ХАРИТОНОВСКОЕ ЗОЛОТО

В крещенские лунные ночи по снежному тракту от Екатеринбурга до Исетского завода катаются кошевники на взмыленной тройке, запряженной в легкую кошеву…
В кошеве лежат друг на дружке пять человек, в собачьих дохах, подвязанных кушаками.
Ямщик правит стоя, закутанный в башлык. От коней валит пар, и за кошевой на санном следу играет свет месяца.
Нехорошо повстречаться с такою тройкой, не скроешься от нее в снежной равнине – горы далеко, перелески редки, гони что есть дух, и то нагонят… И хотя нет на кошевников управы, а под нынешний крещенский сочельник и на них нагнали страх.
Выехали они из Екатеринбурга все пьяные и доскакали вплоть до холмов, за которыми лежит Исетский завод… На раскатах кошеву стало трепать, ударяя отводом о сугробы, и хотели было воры повернуть коней назад, как показался впереди задок саней, запряженных в одиночку.
В санях спал человек, и лошадь шла шагом…

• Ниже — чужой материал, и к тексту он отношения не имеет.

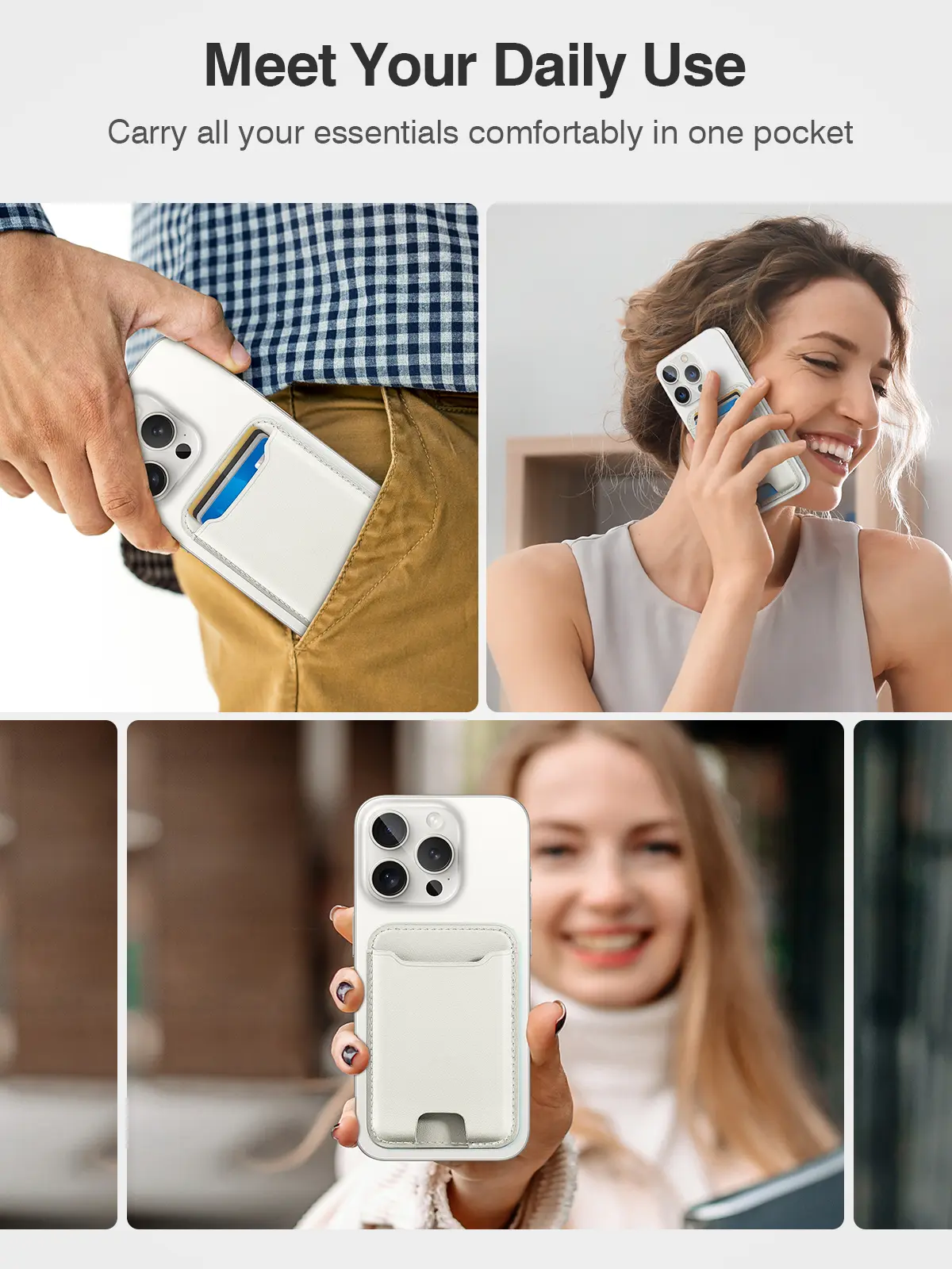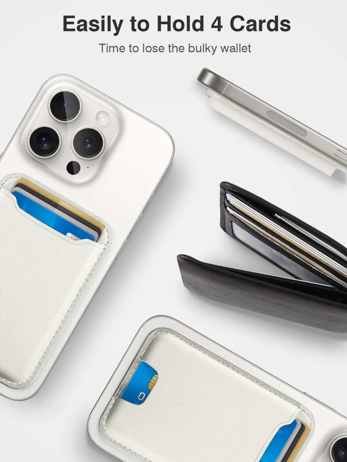 Easily Access 4 Cards: This magnetic phone wallet can easily store up to 4 cards without additional bulk; The built-in card clip hold cards firmly in place even if it’s just one card, a thumb slot gives you quick and easy access to the card you need

Ямщик в кошеве сразу осадил тройку; двое кошевников поднялись: один держал аркан, другой плеть; ямщик спросил: «Готово?», свистнул по-разбойничьи, гикнул и хлестнул по коням.

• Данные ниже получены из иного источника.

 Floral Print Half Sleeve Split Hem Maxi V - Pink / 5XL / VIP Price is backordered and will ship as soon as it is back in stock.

Пронеслась тройка мимо саней, спящего в них седока захлестнул аркан и вынес на дорогу, а санки опрокинулись, и лошадь шарахнулась в сугроб.
Выкинутый седок волокся на длинном аркане за кошевой; петля захлестнула ему под мышки, и он, растопырясь, как черепаха, кричал низким басом: «Караул». Все это видел присевший неподалеку за кустом заводской конторщик – шатался он ночью по зайчикам – и рассказал потом всем на удивление, как проволокли кошевники седока, чтобы обеспамятел! сажень сто до поворота, где стоял столб… У столба тройка замедлила, и волокущийся человек, налетев на столб, схватился за него, влип, аркан, привязанный к задку кошевы, натянулся, и тройка стала…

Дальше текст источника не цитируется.